Benefits: relieves insomnia, stress, and anxiety, purifies the channels of the body, calms the nervous system, regulates body temperature.
Precautions: headaches, fever, restlessness, agitation, seizures, blocked nasal passages, cold.
One thing I practice through the breathwork is a way to DO something without doing something. The breathwork I practice and teach is a meditation. The pranayama breath is way of breathing through the mouth only and is a way to bypass the mind and move directly into the body. There are infinite paths inward and I choose several to deepen my connection to self. Even in the way I teach movement there is not one way. There is your way. Right now.

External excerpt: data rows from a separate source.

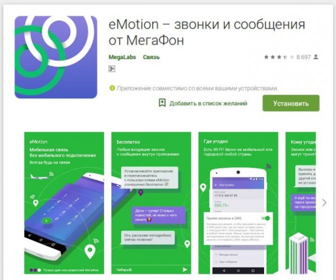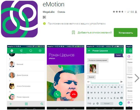 Все абоненты оператора могут скачать приложение eMotion от Мегафон — оно бесплатно предлагается в магазинах программ, встроенных в смартфоны: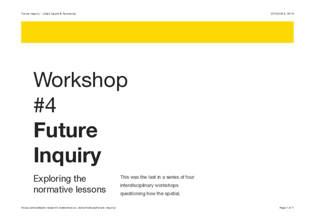 Clossick, Jane, Colburn, Ben and Parr, Hannah (2021) Urban Depth & Autonomy Workshops 2021. London Metropolitan University.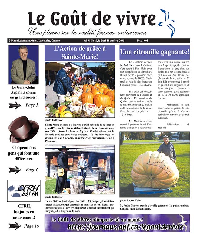 Le Goût de vivre (Vol.34 No.20) – 19 octobre 2006

And Way will shift. Way opens and closes not unlike our heart center. It seems to me that part of my work on this 3 dimensional plane is to continually seek and find way knowing that like every aspect of self it too will shapeshift and disappear and reappear in new ways, as I do.
The quote—
“how often I have found where I should be going by setting out for somewhere else” by Buckminster Fuller rests on the wall in my studio. I know this intimately.
I moved to Chicago in 2006 for a postdoctoral position in Biochemistry and molecular genetics at UIC. I worked in a prestigious laboratory with the worlds expert in Anti-coagulation. My doctoral research was examining the interactions of enzymes involved in the coagulation cascade: Blood clotting. The human body has fascinated me since I can remember. I knew when I was 16 that I would study biochemistry. It took me longer than some people to finally gather the courage to pursue my dreams. I’m still pursuing them and they shift perpetually. I found it difficult to emerge amongst the overwhelming noise that bombarded my own inner signal. I quit things most people wouldn’t. I went to college on a scholarship to play the violin—I was recruited in 1984. Who the hell even knew I was down in Louisville, Ky making music? I wanted to play field hockey in college but apparently I was meant to play music. I left college after 2 years—even though I loved my school—I did not understand that I could get a degree in music and not have to be a musician for the rest of my life. I knew what I wanted AND I knew I didn’t want that. I left college. I had been cooking in a retreat center in the mountains all summer and rafting and watching luna moths as big as my head and making new friends and so I stayed a while until my parents convinced me that I should be productive—so I was shepherded back to Louisville to live with my parents and get a job. I started cooking in restaurants and then went off to Italy to study cooking in a 5 star hotel in Salsomaggiore Terme near where my father had grown up. I began to gain weight through college and after. While I lived in Italy I rode my bike everywhere and ate clean food. I worked a lot and spent time with family and lost a lot of weight.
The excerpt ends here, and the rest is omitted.